Apesar da maioria das escolhas ser feita em agências, Moura revela que não reserva um hotel sem antes comparar os preços nos tradicionais sites de buscas e reservas, como Booking, Decolar e Hoteis.com. “Depois, ligo para meu agente e digo: ‘Encontrei tarifas de X, Y e Z para o hotel tal. Veja aí quanto você pode fazer. Só fecho se ficar mais barato’ e depois de olhar a nota no Trip Advisor”.

A prática, realizada por Moura, é também utilizada pela administradora Marina Borges. “Passo horas pesquisando preços nesses sites, além de ler os comentários deixados pelos turistas sobre o hotel”.

Apesar das inúmeras vantagens destas ferramentas, que além de servirem como instrumento de comparação de preço permitem a reserva com pagamento facilitado (incluindo cancelamento grátis), Marina faz uma advertência: “Mesmo optando, na maioria dos casos, por reservar o hotel nesses sites, não descarto a pesquisa feita diretamente no hotel. É difícil, mas já encontrei preço mais em conta com o próprio estabelecimento”.

Com viagem marcada para Monte Verde (MG) no mês que vem, ela conta que economizou R$ 115 na reserva feita pelo site Decolar para três diárias. “Além disso, parcelei o pagamento em dez vezes sem juros. Coisa que os hotéis não oferecem”.

O gerente de Marketing do portal ViajaNet (cujo foco é venda de passagens aéreas), Gustavo Mariotto, explica que esses preços mais baixos são fruto de uma negociação exclusiva entre o hotel e a agência (portal). “O site garante X% de lotação do estabelecimento, em contrapartida, consegue preços mais atrativos”.

Ele lembra que já chegou a reservar um hotel pelo Booking, parceiro do ViajaNet na parte de hotelaria do site, na recepção do estabelecimento, já que a tarifa balcão era superior. “Abri o celular e fiz a reserva ali mesmo na recepção para entrar na mesma hora”, acrescenta.

Referência


Com muito tempo de experiência no segmento, incluindo no currículo uma passagem como ex-proprietário de uma agência de viagens, Jorge Costa dá outra orientação: fugir da alta estação.  Mas, essa dica varia de acordo com o destino. Quem quer ir para a Disney, por exemplo, deve evitar os meses de janeiro, fevereiro, junho e julho, por causa das férias escolares.
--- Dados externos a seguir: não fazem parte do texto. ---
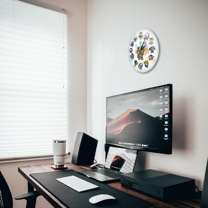 Glossy, reflective coating on the watch face. Elegant lacquered metal hands. Silent, floating clock mechanism. Diameter 30.5cm. Power supply with one AA battery (not included). Bracket for convenient wall hanging.
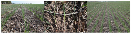 1 y 2 – Lote siembra intermedia, una hoja expandida en Pergamino. 3 – Parcela
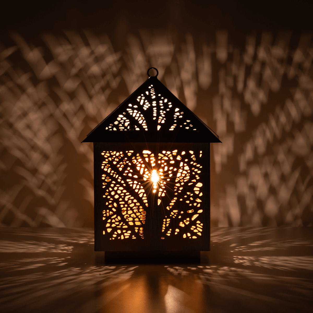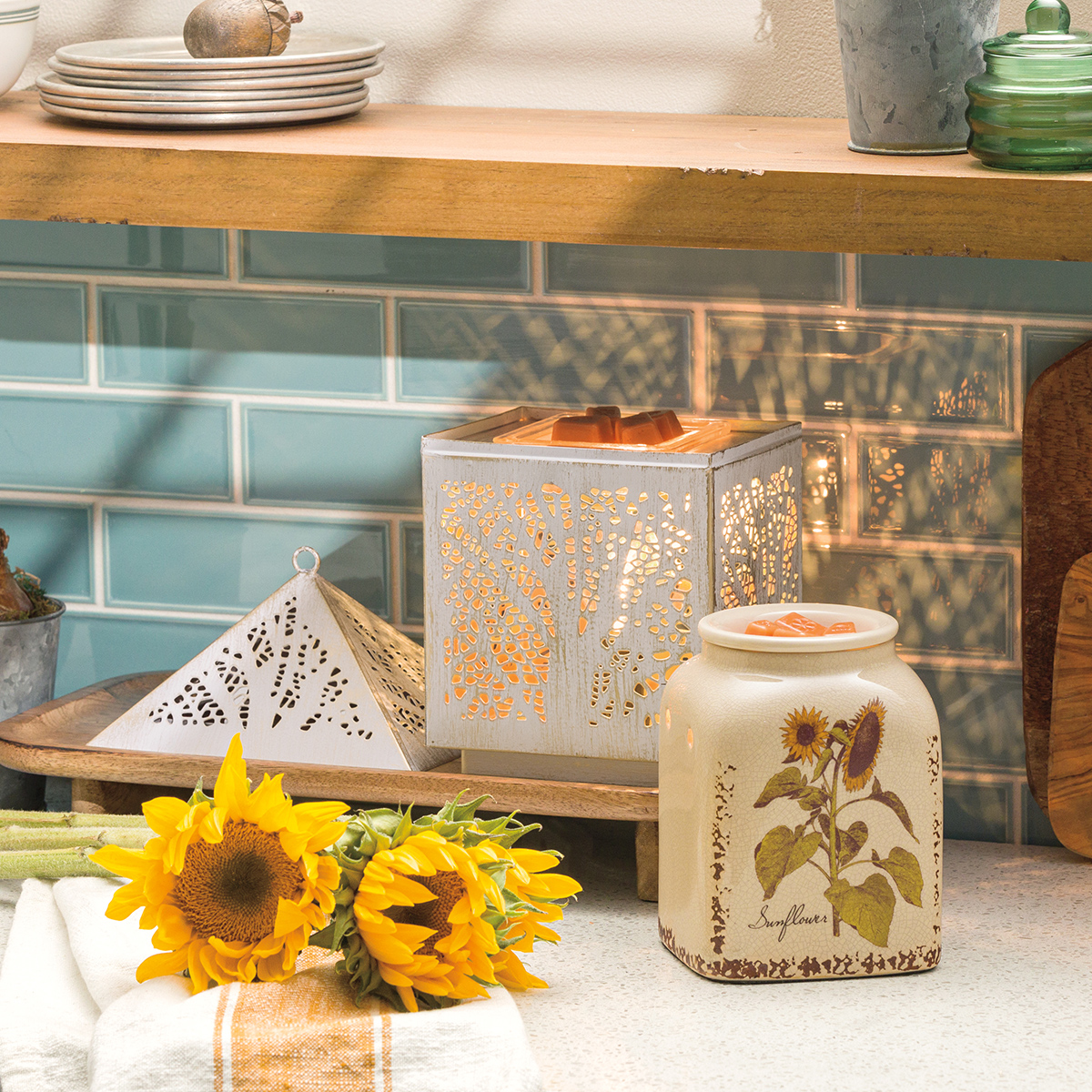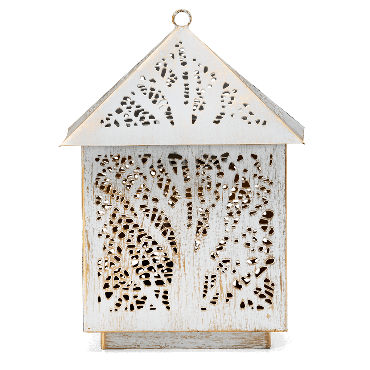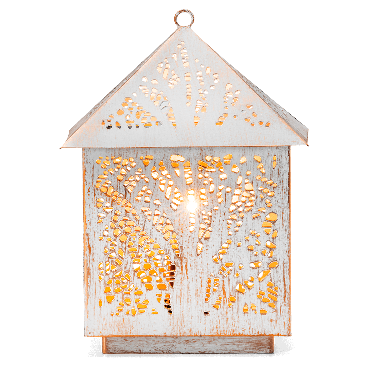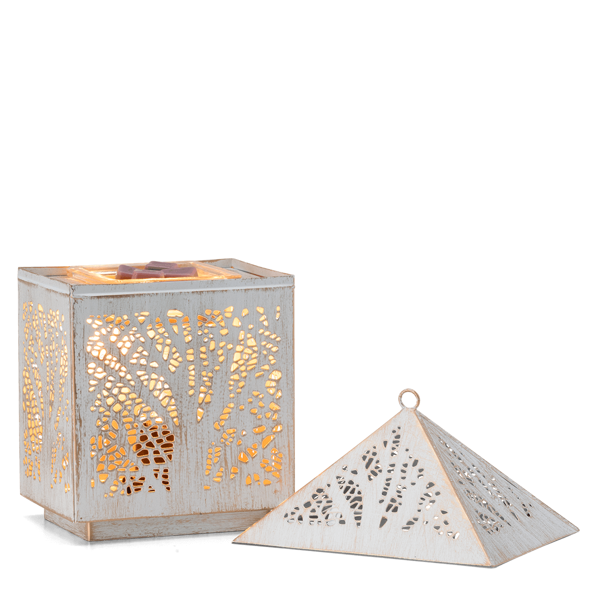 Like sunlight shining through the trees, dappled light pours out from every facet of this whitewashed, etched metal warmer. The brilliant display shines on nearby surfaces when lit.

Quem está de olho na Europa, deve evitar os períodos de junho a setembro e de dezembro a fevereiro. “Quem escolher destinos nacionais, além de priorizar a baixa estação, deve evitar feriados e períodos de festa na região”, diz ele.
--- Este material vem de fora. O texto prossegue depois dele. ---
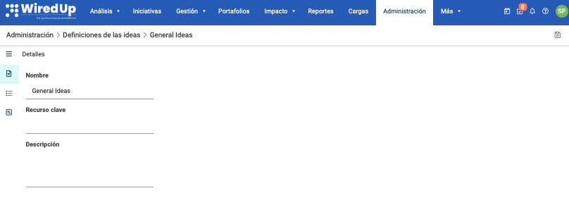 - Se abrirá la pantalla Editar definición de idea, que muestra las siguientes secciones editables en el menú Detalles:
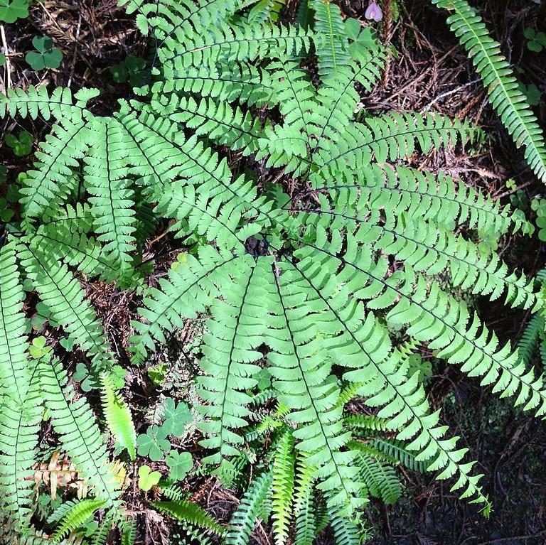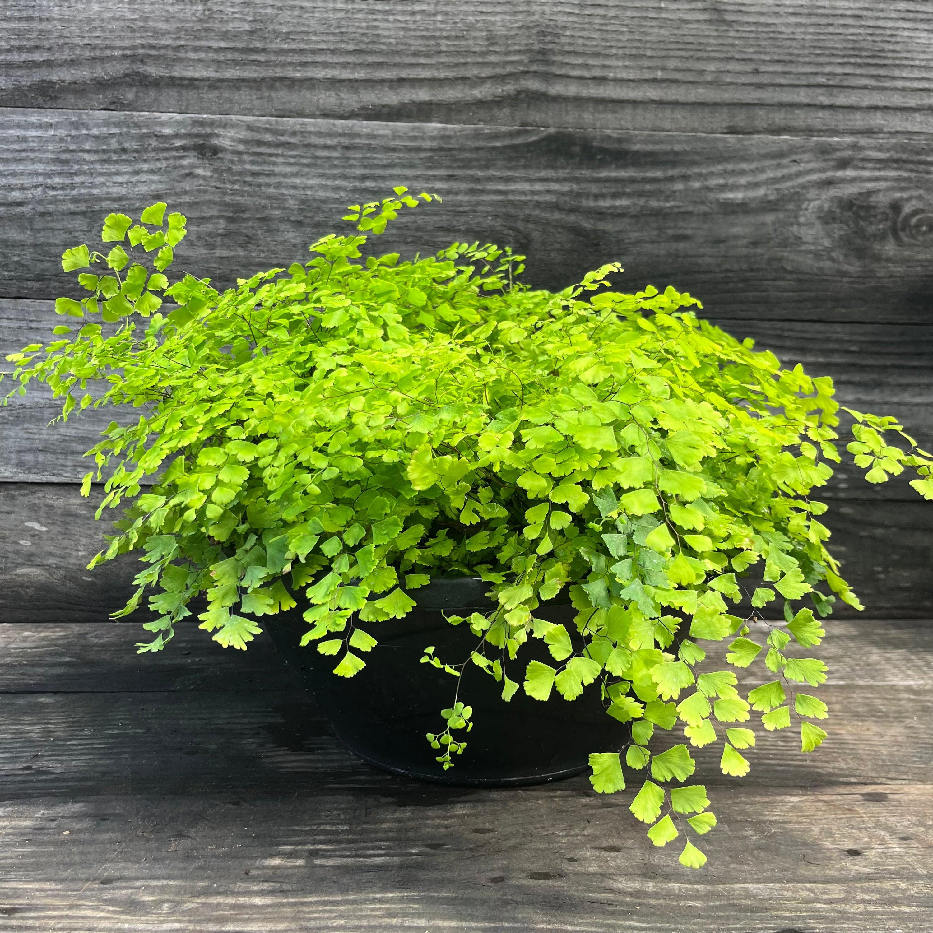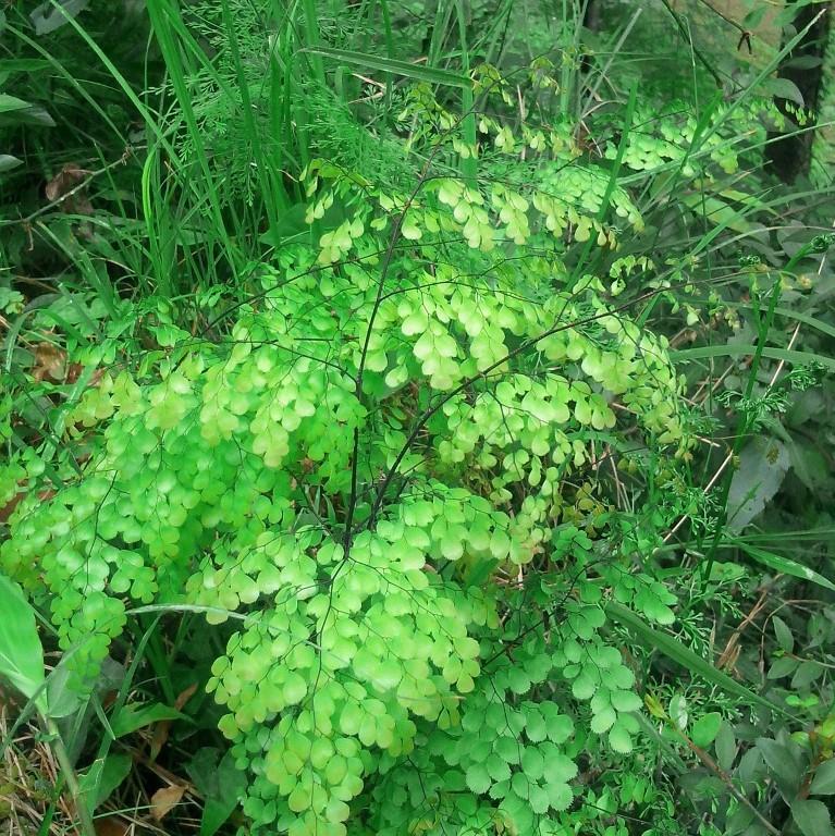 Hardy Maidenhair Fern is a popular hardy evergreen fern with distinctive fan-shaped, lacy bright green fronds on shiny black curved stems. Grows best in full shade and moist, acidic well-drained soils. Resistant to verticillium wilt.

A comerciante Edna Argolo, 41,  tem uma dica para quem não quer desembolsar muito com viagens. Escolher o destino pela oportunidade. Com viagem marcada para setembro, ela comprou um cruzeiro de sete noites na Europa por R$ 1,7 mil o casal, com direito a cinco refeições e bebidas.

Hoje, o mesmo pacote custa R$ 6,8 mil- quatro vezes mais caro. Ela conta que descobriu a promoção na internet em março. “Como achei o preço muito baixo, resolvi comprar em uma agência aqui em Salvador. Nem o vendedor acreditou quando viu. Meu marido fica dizendo que vamos viajar no porão”, brinca ela, que conhecerá a França, Espanha, Itália e Tunísia.